Nowadays, the development of researches concentrated on synthesis and characterization of oxyfluoride glass-ceramics doped with rare earth ions is a forefront direction in current materials engineering. The glass-ceramics are the class of innovative optical materials, which contain the fluoride nanocrystals dispersed in oxide amorphous matrices. Such materials combine good mechanical strength and chemical durability of oxide hosts with high luminescence efficiency of rare earth ions incorporated into low-phonon fluoride crystals. Generally, the oxyfluoride glass-ceramic materials are commonly fabricated via controlled heat-treatment of glasses derived by conventional melt-quenching method. Alternatively, such materials can be successfully prepared via sol-gel technique, which is based on polycondensation reaction in liquids phase. Due to the fact that the heat-treatment of xerogels could be conducted at significantly lower temperatures compared with melting of glass-forming components, the sol-gel method seems to be a particularly attractive technique to fabricate the oxyfluoride glass-ceramic materials dedicated for optoelectronic applications.

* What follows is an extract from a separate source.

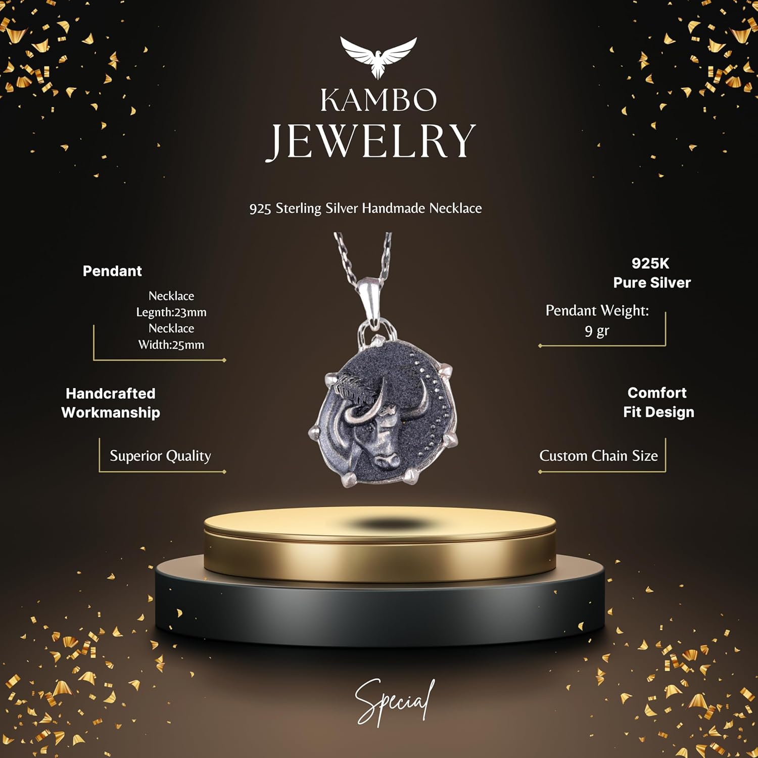 925 Ayar Gümüş Tasarım Kolye Ucu - Burç Kolyeleri - El Yapımı Kolye (Boğa)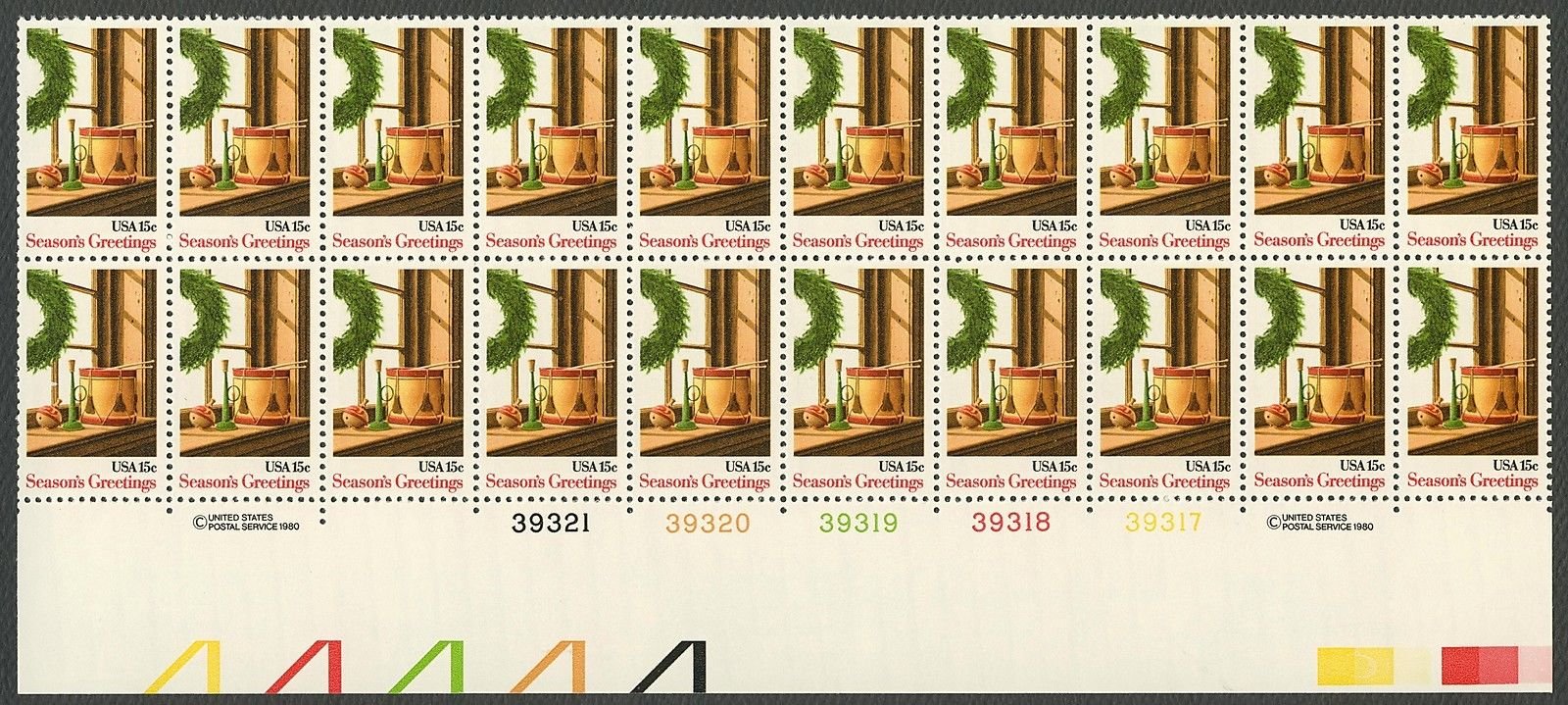 US 1980 Christmas Wreath Stamp Plate Block of 20 Stamps #1843

In this doctoral dissertation, the Eu3+-doped glass-ceramic materials containing MF2 (M = Ca, Sr, Ba) or MF3 (M = Y, La, Gd) nanocrystals were synthesized via sol-gel method and characterized. The studied materials were fabricated by controlled heat-treatment of silicate xerogels and the structural changes within sol-gel hosts were verified using IR-ATR spectroscopy. The individual fluoride crystal phases were identified by XRD measurements and the received results were confirmed by high resolution mode in transmission electron microscope HR-TEM. The structural changes during controlled heat-treatment of precursor xerogels were also evaluated based on unique spectroscopic behavior of optically active Eu3+ ions, which results from the nature of their intra-configurational 4f6-4f6 transitions. Due to the significant decrease of R/O-ratio values after conducted heat-treatment process as well as observable splitting of emission bands, 3+
the partial incorporation of Eu3+ ions into precipitated MF2 (M = Ca, Sr, Ba) and MF3 (M = Y, La, Gd) fluoride nanocrystals was confirmed. Moreover, the change in character of registered decay curves of the 5D0 excited state from mono-exponential (xerogels) to bi-exponential (glass-ceramics) clearly evidenced the distribution of Eu3+ ions between sol-gel hosts and fluoride nanocrystals. In summary, the above techniques allow for the full characterization of the glass-ceramic materials, with particular emphasis on the crystallization of fluoride phases in nanometric range.